На концерте была тьма народу, люди сидели во всех проходах  и прямо на ступеньках.  А потом,  на острове Кижи, куда я его сопровождала, помню такую картинку. Там плотники чинили мостки. Один из них увидел Смоктуновского и просто  ошалел: «Это вы?!» – говорит, а потом  руки раскинул в стороны, как его герой из фильма «Берегись автомобиля»,  и говорит: «Люба, я вернулся!». Как же Иннокентий Михайлович  был доволен! Сначала он вообще не хотел ехать на остров, но, побывав там, надеялся вернуться. Мы уезжали на последней комете, припозднились и капитан ждал нас, пока мы вернемся с острова.

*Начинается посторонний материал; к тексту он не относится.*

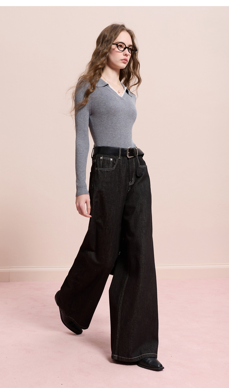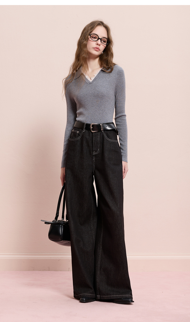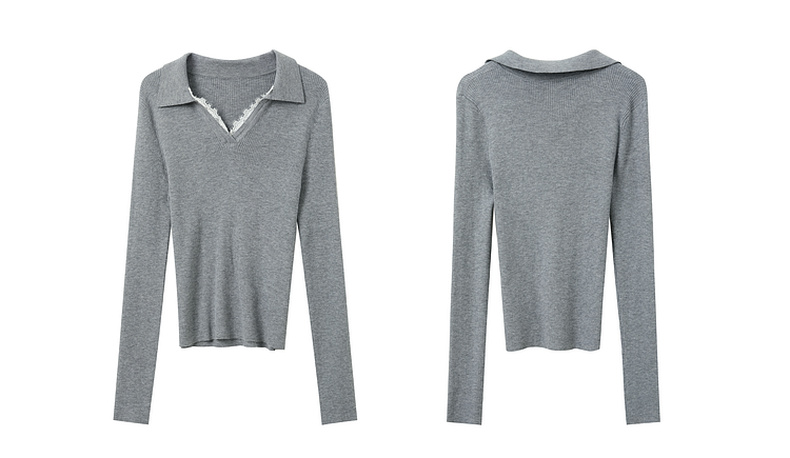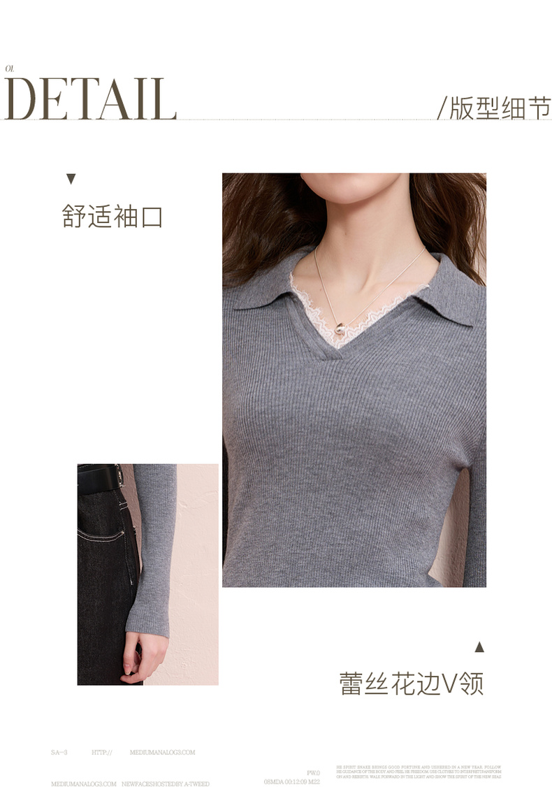 三彩2025冬季新款修身蕾丝花边V领针织衫长袖套头上衣显瘦百搭M

Артист шел медленно, у него было больное сердце.  На комете он угощал меня апельсинами и черносливом, читал Пушкина  и потом  сказал: «Пригласите меня читать Пушкина!» Мы даже продумали с ним будущую программу, но через два месяца он, к сожалению, умер.

– Не страшно общаться с такими людьми?

– Я всегда робела только перед дирижерами. Они для меня как люди с иной планеты. Когда дирижер  взмахнет палочкой и 80-100 музыкантов, забыв про свои неприятности, обиды и про все на свете,  внимают ему, это фантастика! Он в этот момент  маг, полководец! Я благоговею перед дирижерами.

– Может ли мир жить без музыки?

– Кажется, это Гоголь сказал: «Если  и музыка нас оставит, что будет с нашим миром?».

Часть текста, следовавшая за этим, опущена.